|A practical guide for combining data to model species distributions
|Year of Publication
|Fletcher, RJ, Hefley, TJ, Robertson, EP, Zuckerberg, B, McCleery, RA, Dorazio, RM
Understanding and accurately modeling species distributions lies at the heart of many problems in ecology, evolution, and conservation. Multiple sources of data are increasingly available for modeling species distributions, such as data from citizen science programs, atlases, museums, and planned surveys. Yet reliably combining data sources can be challenging because data sources can vary considerably in their design, gradients covered, and potential sampling biases. We review, synthesize, and illustrate recent developments in combining multiple sources of data for species distribution modeling. We identify five ways in which multiple sources of data are typically combined for modeling species distributions. These approaches vary in their ability to accommodate sampling design, bias, and uncertainty when quantifying environmental relationships in species distribution models. Many of the challenges for combining data are solved through the prudent use of integrated species distribution models: models that simultaneously combine different data sources on species locations to quantify environmental relationships for explaining species distribution.
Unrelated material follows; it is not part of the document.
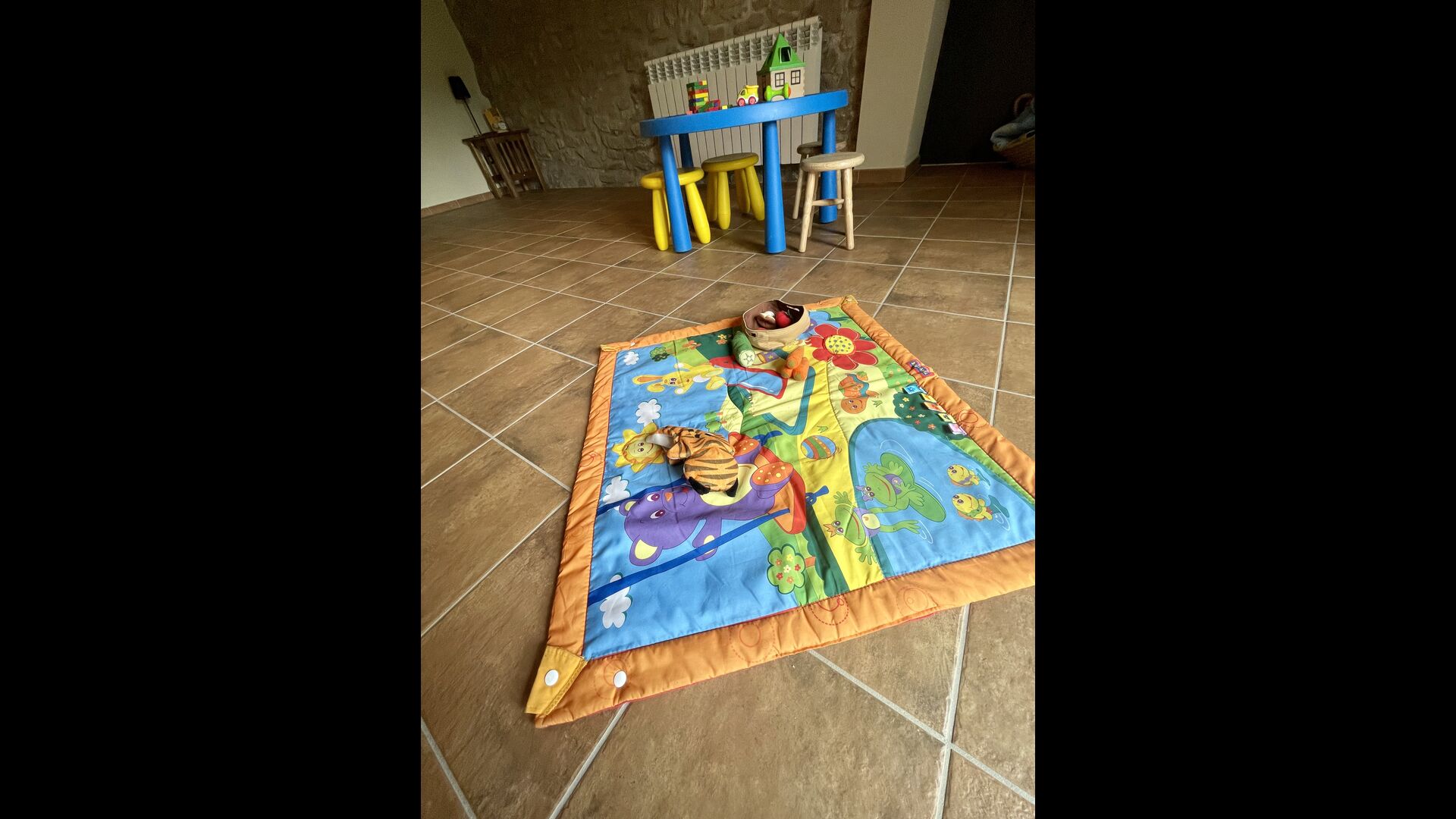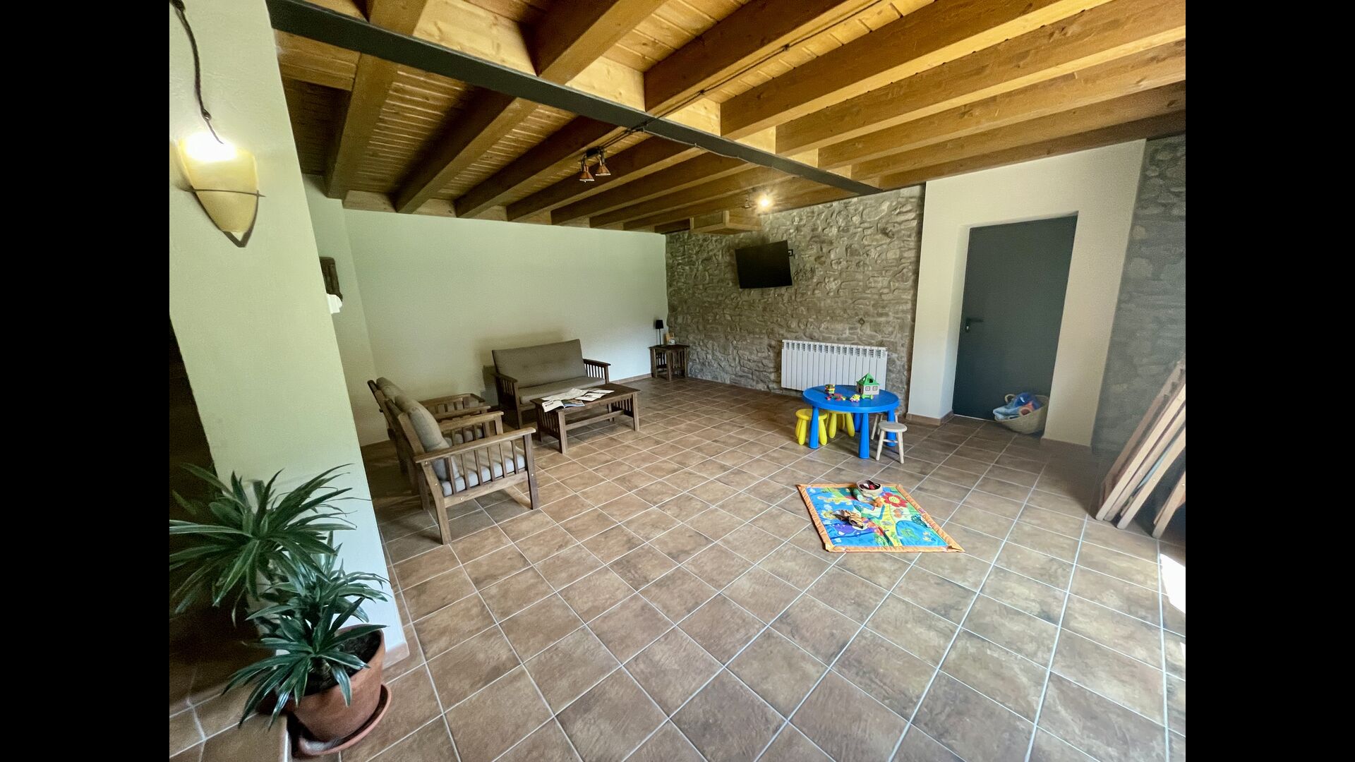 A la planta baixa hi trobareu l'entrada principal lasala d'estar amb TV, mobles infantils i1 habitació doble amb unbany.

We illustrate these approaches using planned survey data on 24 species of birds coupled with opportunistically collected eBird data in the southeastern United States. This example illustrates some of the benefits of data integration, such as increased precision in environmental relationships, greater predictive accuracy, and accounting for sample bias. Yet it also illustrates challenges of combining data sources with vastly different sampling methodologies and amounts of data. We provide one solution to this challenge through the use of weighted joint likelihoods. Weighted joint likelihoods provide a means to emphasize data sources based on different criteria (e.g., sample size), and we find that weighting improves predictions for all species considered. We conclude by providing practical guidance on combining multiple sources of data for modeling species distributions.